- [Exercise requirements]: Having located "วันที่ 19 กันยายน", write out its line and the remaining lines of the material exactly, the last one included, but not the pictures.

- [Given data]:
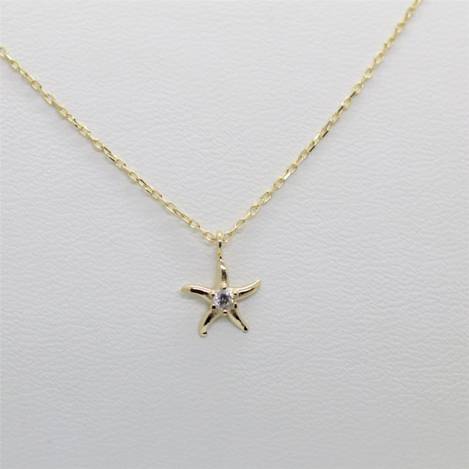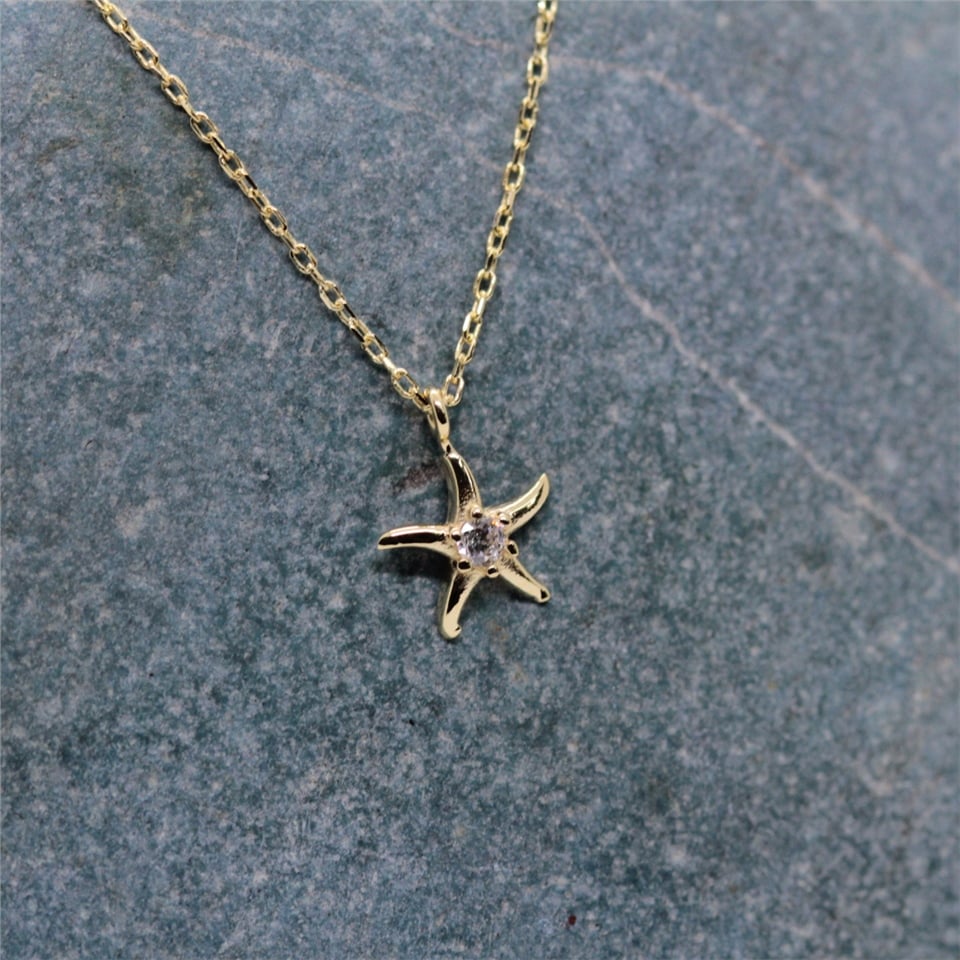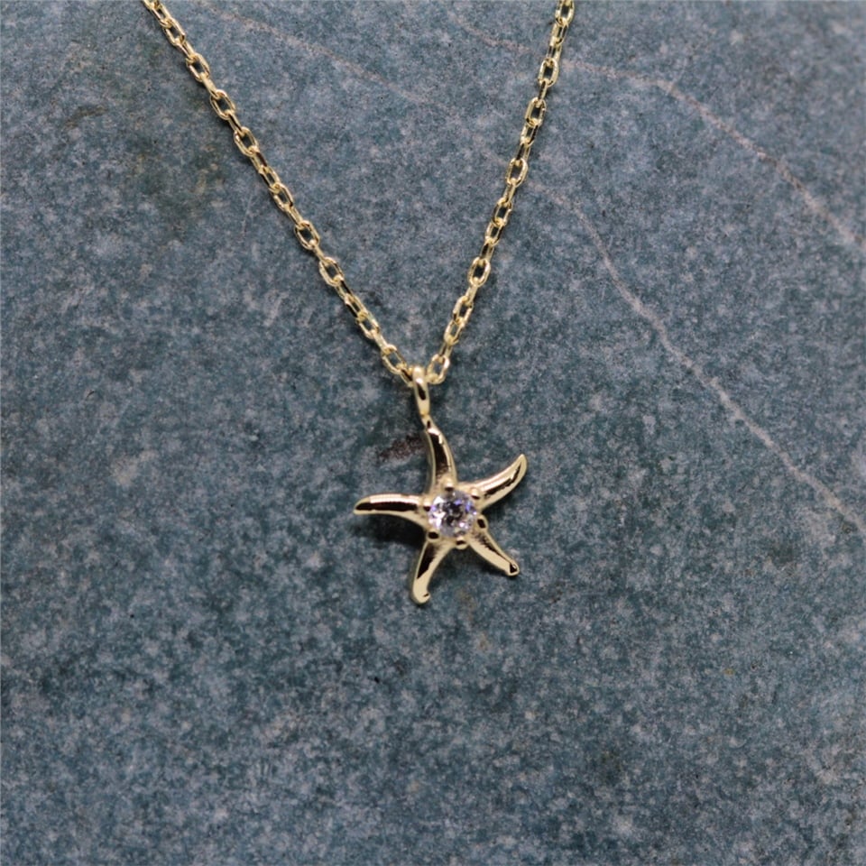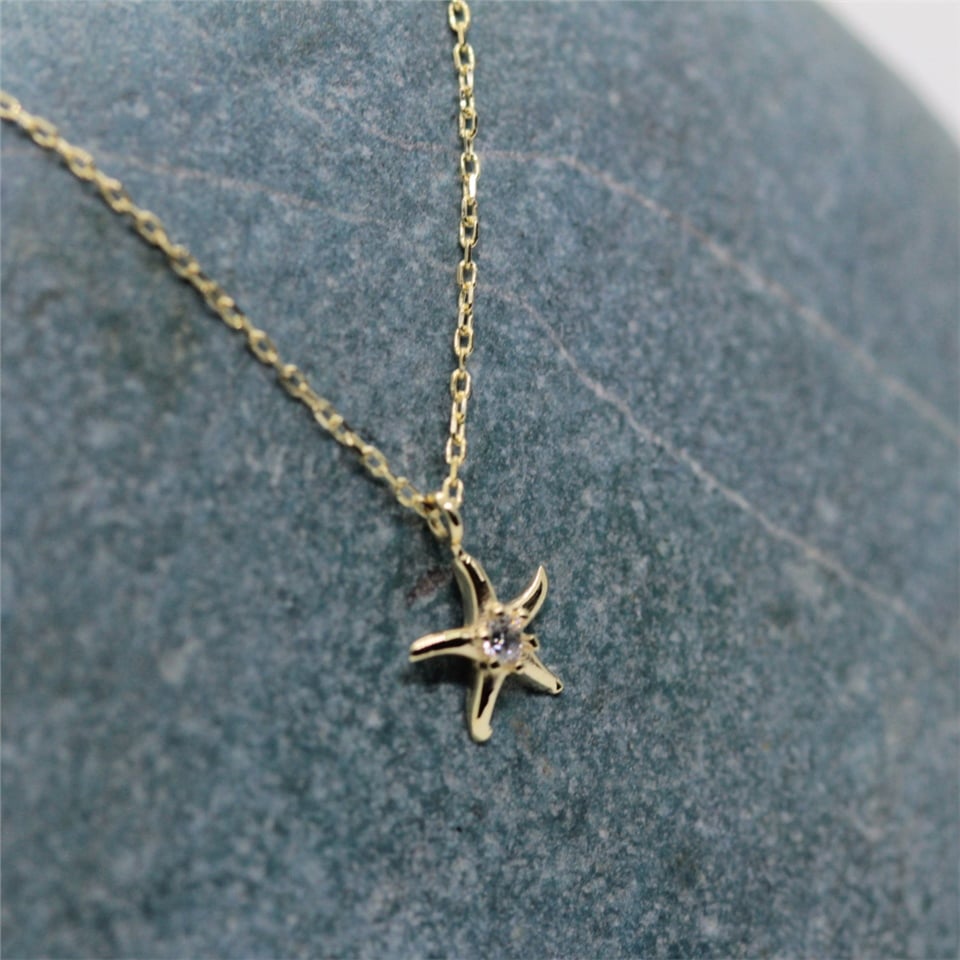 Deniz Yıldızı Pırlanta (Sıgnty) Taşlı Tasarım Minimal Tarz Altın 14 Ayar Kolye-Hediye Altın Kolye
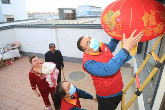 国网山东夏津县供电公司青年志愿者服务队帮助群众乔迁新居,与他们一家贴窗花、挂灯笼、欢度新年。李海涛/摄
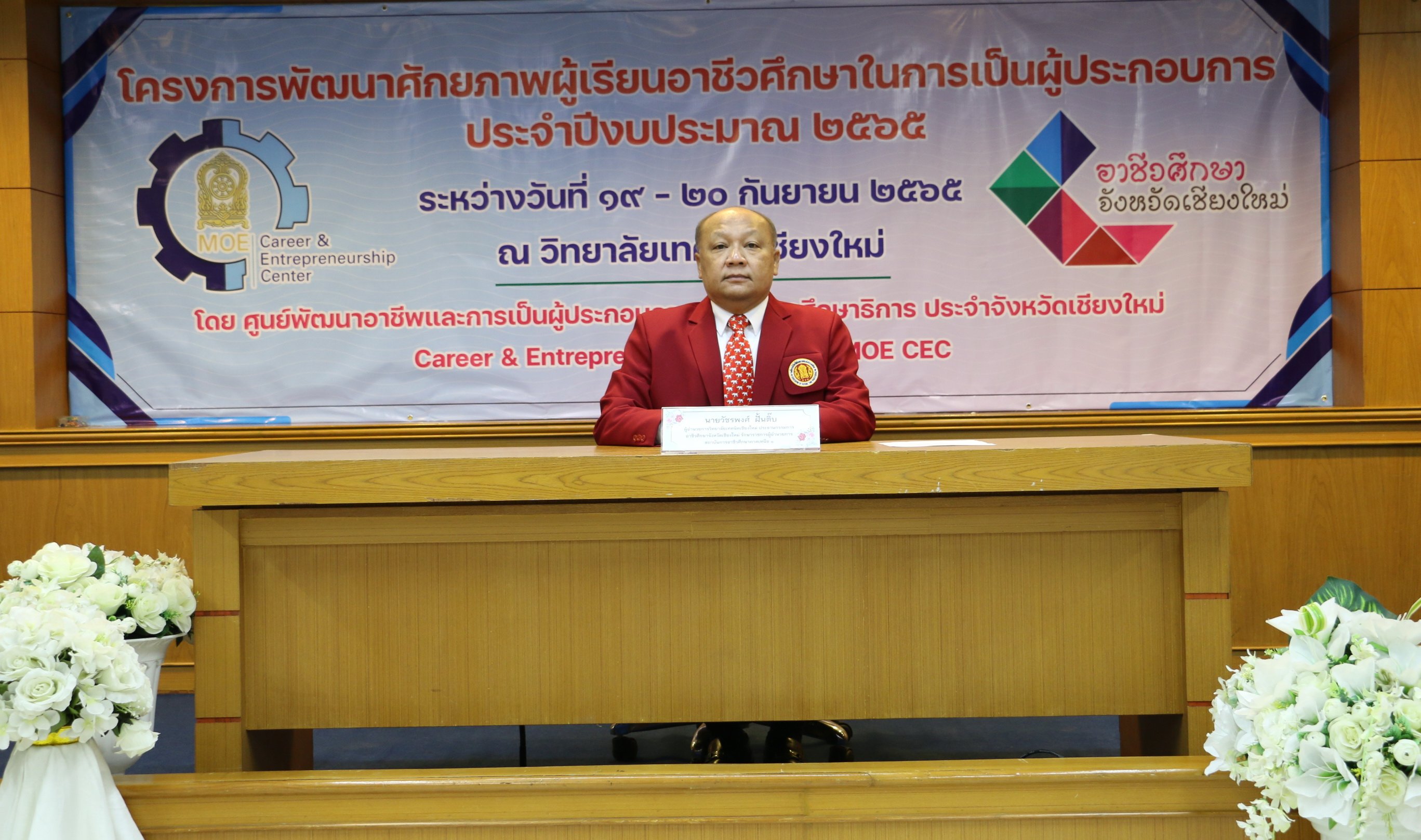 วันที่ 19 กันยายน 2565 นายวัชรพงศ์ ฝั้นติ๊บ ผู้อำนวยการวิทยาลัยเทคนิคเชียงใหม่ ประธานกรรมการอาชีวศึกษาจังหวัดเชียงใหม่ รักษาการผู้อำนวยการอาชีวศึกษาภาคเหนือ 1 เป็นประธานกล่าวเปิดโครงการพัฒนาศักยภาพผู้เรียนอาชีวศึกษา ในการเป็นผู้ประกอบการ ประจำปีงบประมาณ 2565 ระหว่างวันที่ 19 – 20 กันยายน 2565 จัดโดยศูนย์พัฒนาอาชีพและการเป็นผู้ประกอบการกระทรวงศึกษาธิการ ประจำจังหวัดเชียงใหม่ MOE:CEC ณ วิทยาลัยเทคนิคเชียงใหม่ โดยมีหลักสูตรอบรมและวิทยากร ดังนี้
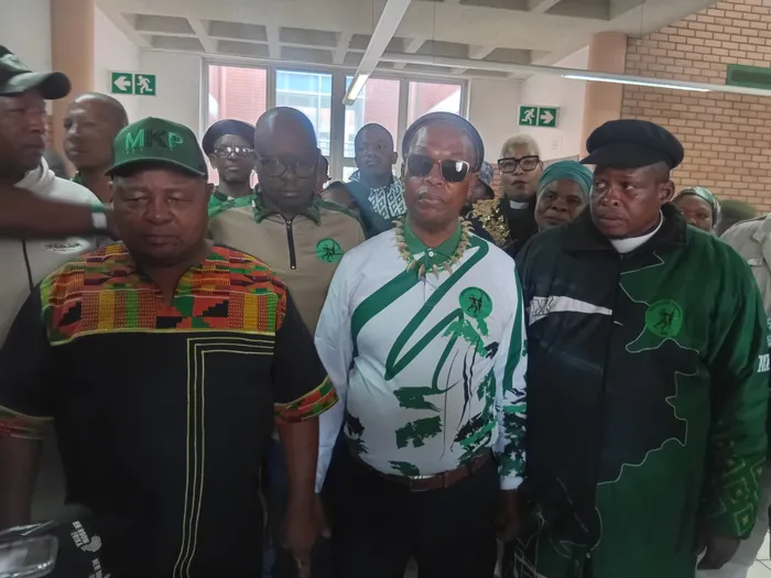 ILUNGU lethimba elihola i-MK KwaZulu-Natal, uMnuz Sibusiso Radebe, umholi wenhlangano esiShayamthetho saKwaZulu-Natal, Inkosi Phathisizwe Chiliza, noBishop Sandile Ndlela, eNkantolo yeMantshi eMgungundlovu, lapho bekuvele khona isikhulu se-IEC esisolwa ngokwephula imigomo yokhetho Isithombe: SABELO NSELE

- [Task response]:
 วันที่ 19 กันยายน 2565 นายวัชรพงศ์ ฝั้นติ๊บ ผู้อำนวยการวิทยาลัยเทคนิคเชียงใหม่ ประธานกรรมการอาชีวศึกษาจังหวัดเชียงใหม่ รักษาการผู้อำนวยการอาชีวศึกษาภาคเหนือ 1 เป็นประธานกล่าวเปิดโครงการพัฒนาศักยภาพผู้เรียนอาชีวศึกษา ในการเป็นผู้ประกอบการ ประจำปีงบประมาณ 2565 ระหว่างวันที่ 19 – 20 กันยายน 2565 จัดโดยศูนย์พัฒนาอาชีพและการเป็นผู้ประกอบการกระทรวงศึกษาธิการ ประจำจังหวัดเชียงใหม่ MOE:CEC ณ วิทยาลัยเทคนิคเชียงใหม่ โดยมีหลักสูตรอบรมและวิทยากร ดังนี้
 ILUNGU lethimba elihola i-MK KwaZulu-Natal, uMnuz Sibusiso Radebe, umholi wenhlangano esiShayamthetho saKwaZulu-Natal, Inkosi Phathisizwe Chiliza, noBishop Sandile Ndlela, eNkantolo yeMantshi eMgungundlovu, lapho bekuvele khona isikhulu se-IEC esisolwa ngokwephula imigomo yokhetho Isithombe: SABELO NSELE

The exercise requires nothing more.